Search code examples
mysqlsqldatetimemariadbwindow-functions

Calculating average time between dates in SQL


Using MySQL, I'm trying to figure out how to answer the question: What is the average number of months between users creating their Nth project?

Expected result:

| project count | Average # months |
| 1             | 0                | # On average, it took 0 months to create the first project (nothing to compare to)
| 2             | 12               | # On average, it takes a user 12 months to create their second project
| 3             | 3                | # On average, it takes a user 3 months to create their third project

My MySQL table represents projects created by users. The table can be summarized as:

| user_id | project created at |
|---------|--------------------|
| 1       | Jan 1, 2020 1:00 pm|
| 1       | Feb 2, 2020 3:45 am|
| 1       | Nov 6, 2020 0:01 am|
| 1       | Mar 4, 2021 5:01 pm|
|------------------------------|
| 2       | Another timestamp  |
| 2       | Another timestamp  |
| 2       | Another timestamp  |
| 2       | Another timestamp  |
| 2       | Another timestamp  |
| 2       | Another timestamp  |
|------------------------------|
| ...     | Another timestamp  |
| ...     | Another timestamp  |

Some users will have one project while some may have hundreds.
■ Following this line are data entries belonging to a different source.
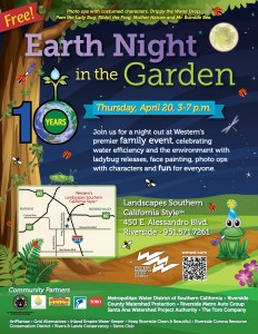 This year ArtPlantae will lead EE Week-related activities at venues in Riverside and Orange counties. On Earth Day itself, you’ll find ArtPlantae at Earth Night in the Garden, a popular family event held in the Mission Grove area of Riverside. Upcoming events include:
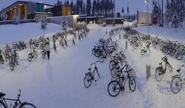 Μια σειρά από ποδήλατα έξω από ένα σχολείο στη χιονισμένη πόλη Ούλου στη Φινλανδία είναι μια συνηθισμένη εικόνα για τους ντόπιους, αλλά ένα ασυνήθιστο θέαμα για τον υπόλοιπο κόσμο.
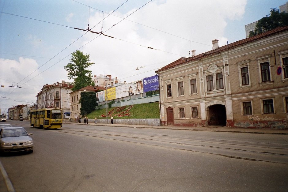 Поднимаемся наверх вместе с 12-м трамваем. Он едет мимо дома 1913 года. Здесь Максим Горький работал в полуподвале крендельщиком, а после размещались «Новые номера» Колесникова. В 2005 году его снесут, а потом построят почти такой же. Следом идет другой тип реконструкции, который на профессиональном жаргоне именуется «фасадизмом»: современное здание как бы состоит из двух частей: фрагмента, стилизованного под старинное строение, и закрытого вент-фасадом нового, там, где располагалась веранда. Исчезли, разумеется, и ворота.
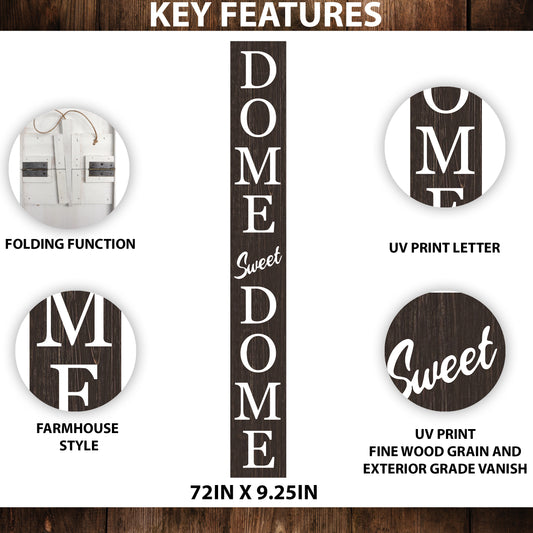 Dome Sweet Dome Porch Sign – 72in Vertical Wood Decor, UV Print Farmhouse Style Folding Entry Sign for Porch
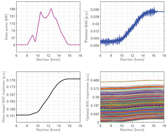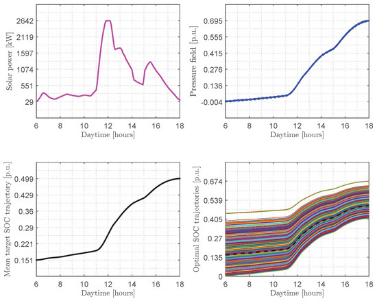 Average day in the case of charging: (top left)—daily solar power curve (); (bottom left)—mean target SOC trajectory (); (top right)—pressure field (); (bottom right)—400 BEVs’ optimal SOC trajectories () and empirical average SOC per BEV (), dotted line.
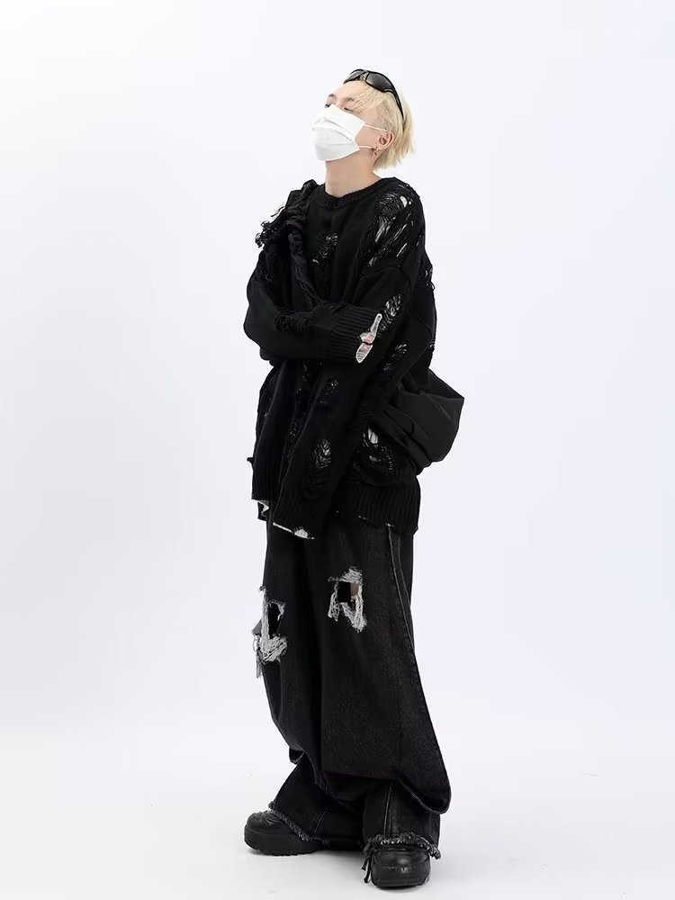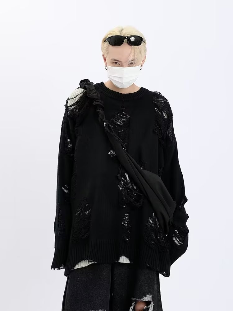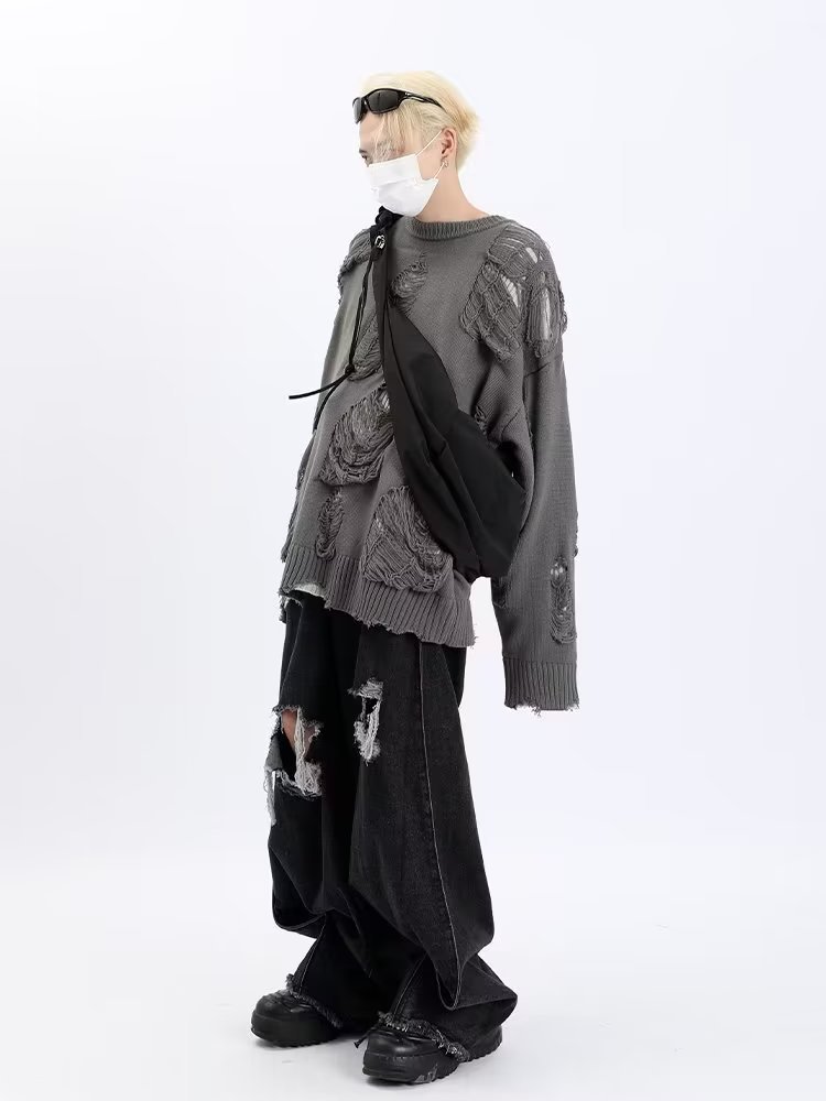 가짜 투피스 스웨터 남성용 겨울 두꺼운 구멍 중공 패션 브랜드 양면 스웨터 게으른 스타일 코트 고급 감각스토어 가기
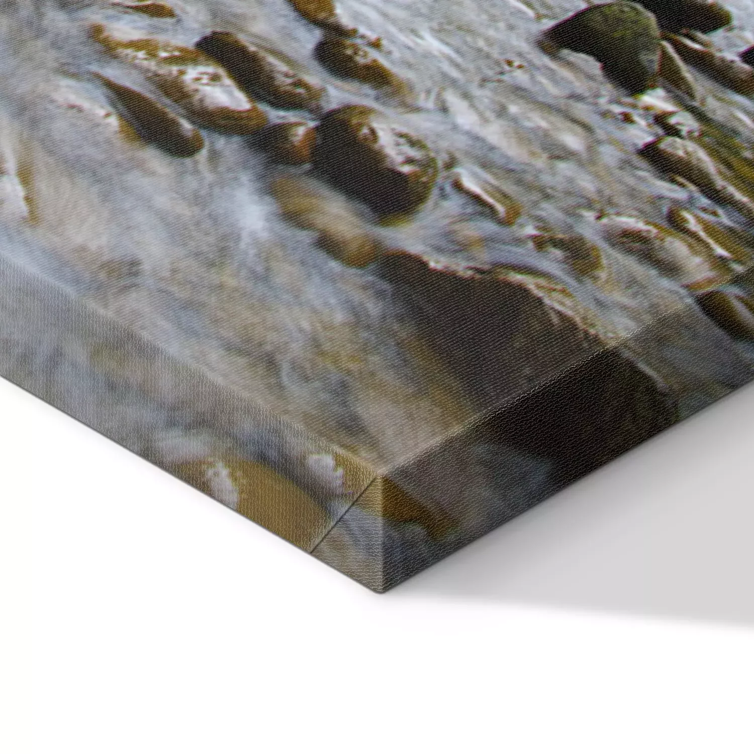 De print wordt aangebracht op hoogwaardig canvas dat op een schildersweefgetouw (spieraam) wordt gespannen. Omdat de print de zijranden bedekt, hoeft het ontwerp niet met een extra kader te worden omlijst. Wij raden ook composities aan die uit meerdere foto's bestaan en zo een coherente compositie vormen.
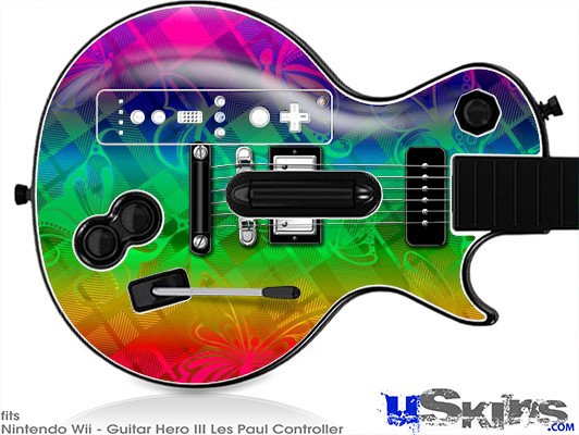 Guitar Hero III Wii Les Paul Skin - Rainbow Butterflies
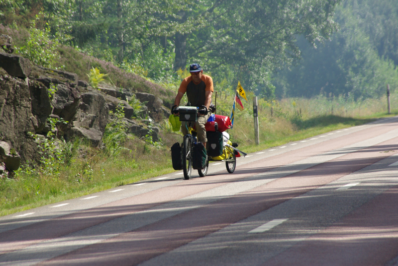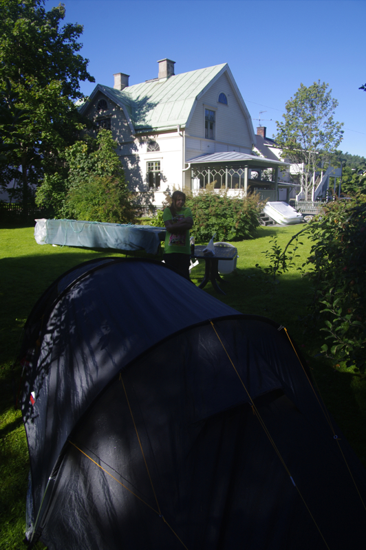 | Wir erreichen Stömne bereits gegen Mittag. Erstmal tauschen wir unser Zelt. Das ging unproblematisch vonstatten. Auf der Karte hatte ich in ein paar Kilometern Entfernung einen Platz ausgemacht. Dort fahren wir hin. 3 Kilometer bergauf, ich betone Berg. Denn am nächsten Tag mußte ich feststellen, daß das große Zahnritzel hinten (36er) verbogen war. Klar, bedingt durch die Gewichtsersparnis - viel ausgefräßte Fläche- ist das Ritzel müde geworden. Macht nichts, morgen geht es nur noch bergab. | |
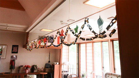 サラでは記入した短冊を、手作りの笹の葉飾りに飾りつけしました。
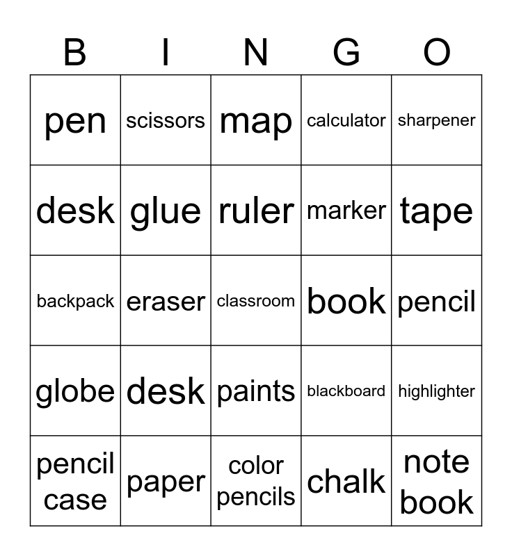 This bingo card has a free space and 24 words: desk, paper, ruler, pencil case, sharpener, pen, desk, scissors, book, paints, marker, backpack, blackboard, highlighter, glue, chalk, pencil, map, tape, eraser, note book, globe, calculator and color pencils.
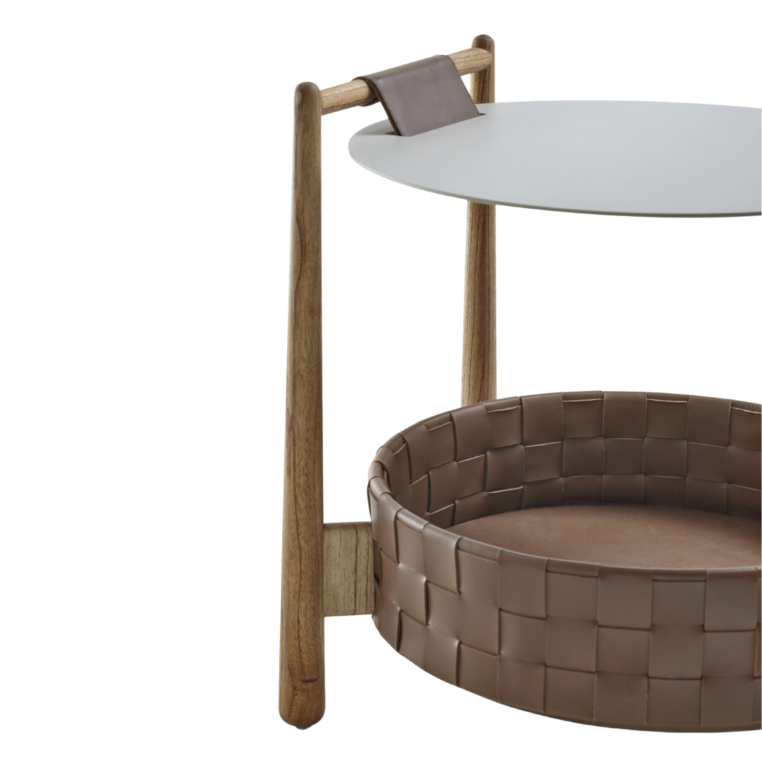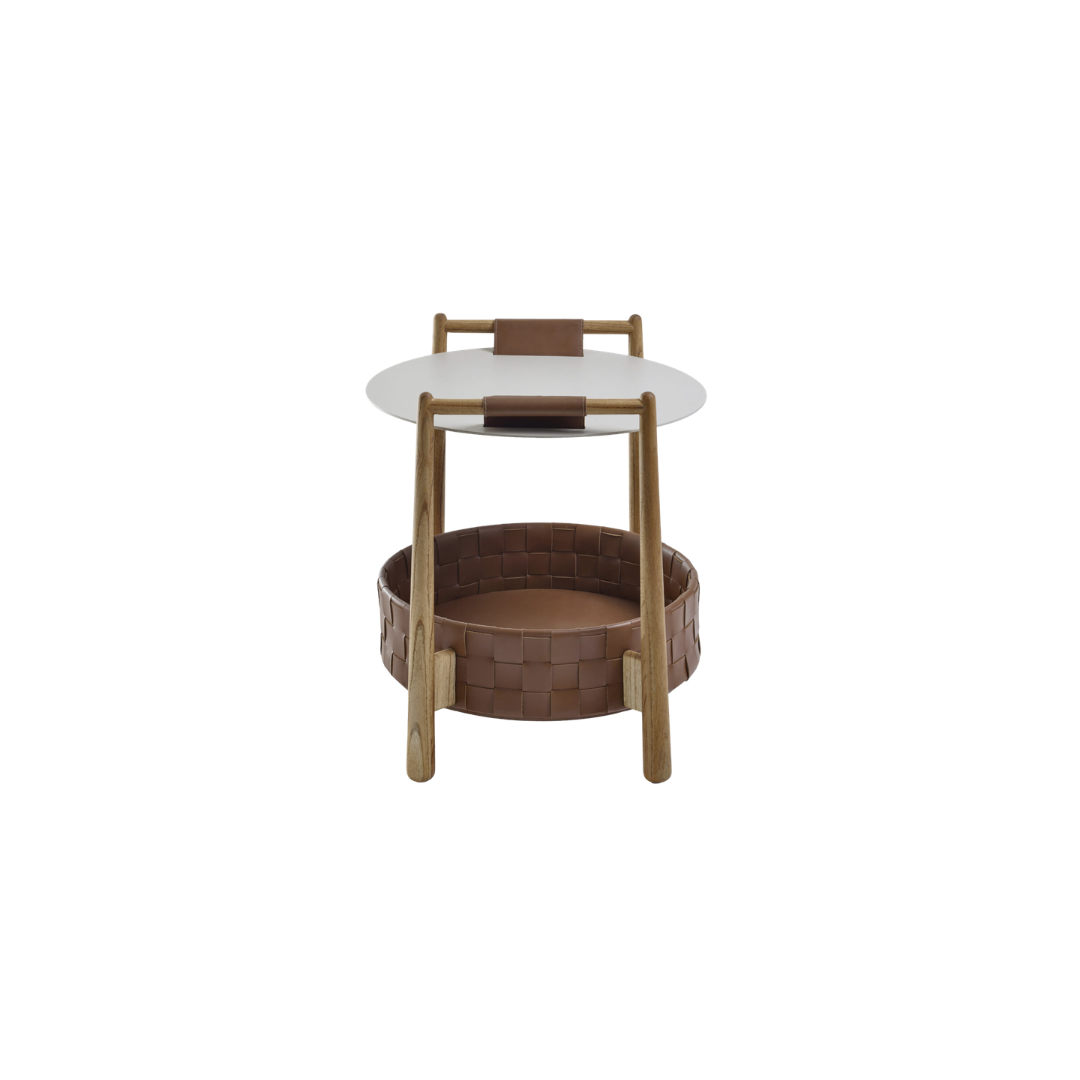 A mesa lateral Laços combina madeira e couro levemente trançado em um desenho que valoriza a brasilidade. O couro aparece tanto na cesta inferior quanto na sustentação do tampo, criando unidade visual e funcional. Versátil, funciona bem em salas de estar, áreas gourmet ou como mesa de cabeceira. Uma peça que equilibra tecnologia e artesania.
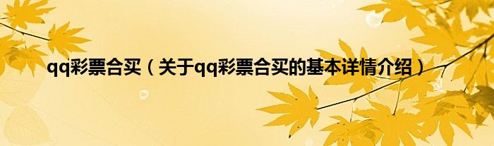 本文关于qq彩票合买的基本详情介绍就讲解完毕,希望对大家有所帮助。
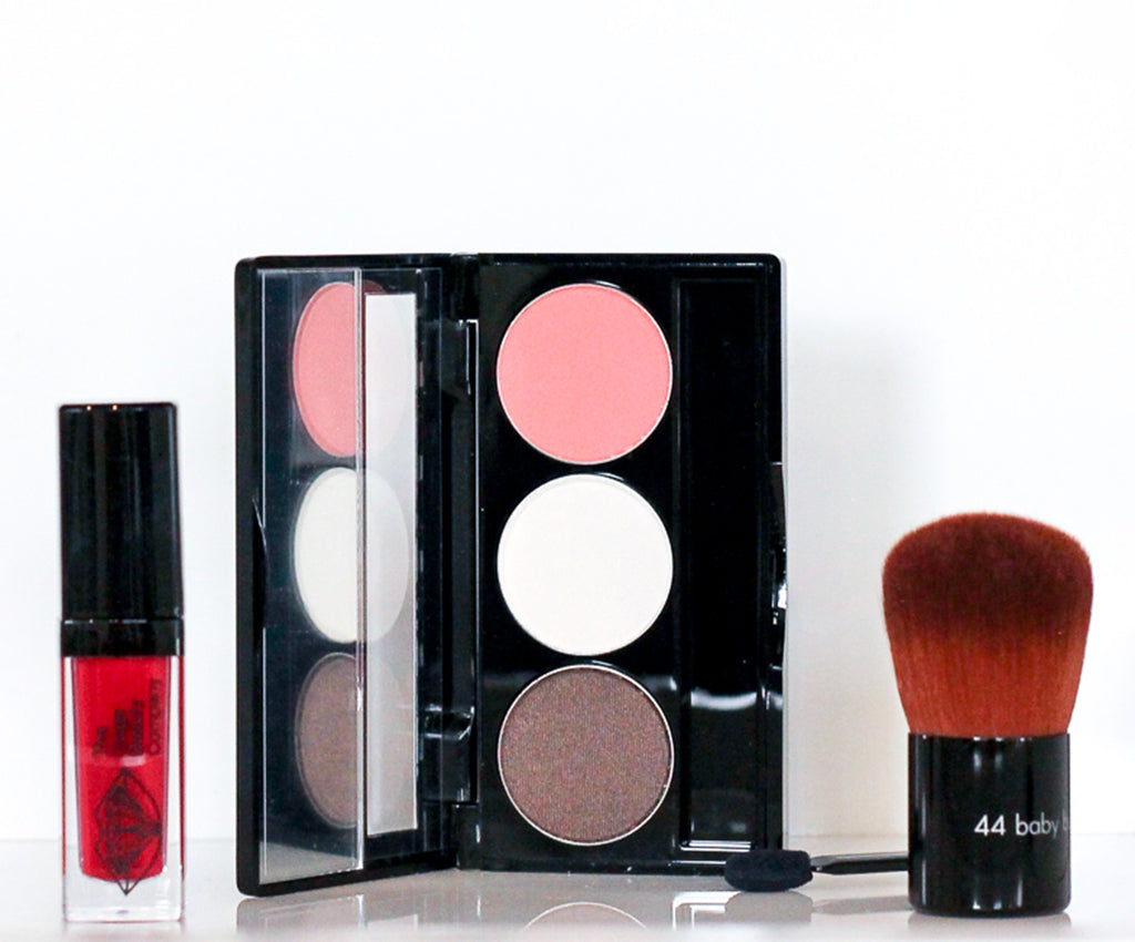 - 3 well palette - 2 shadows (brown & highlight) +blush
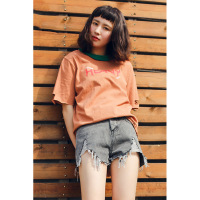 蜜妃儿夏装新款个性拼色领字母破洞t恤女短袖宽松学生闺蜜装

Edit: Current Implementation

with
    paid_self_serve_projects_presentation as (
        select 
                `Paid Projects`.owner_email
            `Owner Email`, 
                row_number() over (partition by `Paid Projects`.owner_uuid order by created_at)
            `Project Count`,
                day(`Paid Projects`.created_at)
            `Created Day`,
                month(`Paid Projects`.created_at)
            `Created Month`,
                year(`Paid Projects`.created_at)
            `Created Year`,
                `Paid Projects`.created_at
            `Created`
        from self_service_paid_projects as `Paid Projects`
        order by `Paid Projects`.owner_uuid, `Paid Projects`.created_at
    )
    
select `Projects`.* from paid_self_serve_projects_presentation as `Projects`

Solution

  • You can use window functions. I am thinking row_number() to enumerate the projects of each user ordered by creation date, and lag() to get the date when the previous project was created:

    select rn, avg(datediff(created_at, lag_created_at)) avg_diff_days
    from (
        select t.*,
            row_number() over(partition by user_id order by created_at) rn,
            lag(created_at, 1, created_at) over(partition by user_id order by created_at) lag_created_at
        from mytable t
    ) t
    group by rn
    

    This gives you the average difference in days, which is somehow more accurates that months. If you really want months, then use timestampdiff(month, lag_created_at, created_at) instead of datediff() - but be aware that the function returns an integer value, hence there is a loss of precision.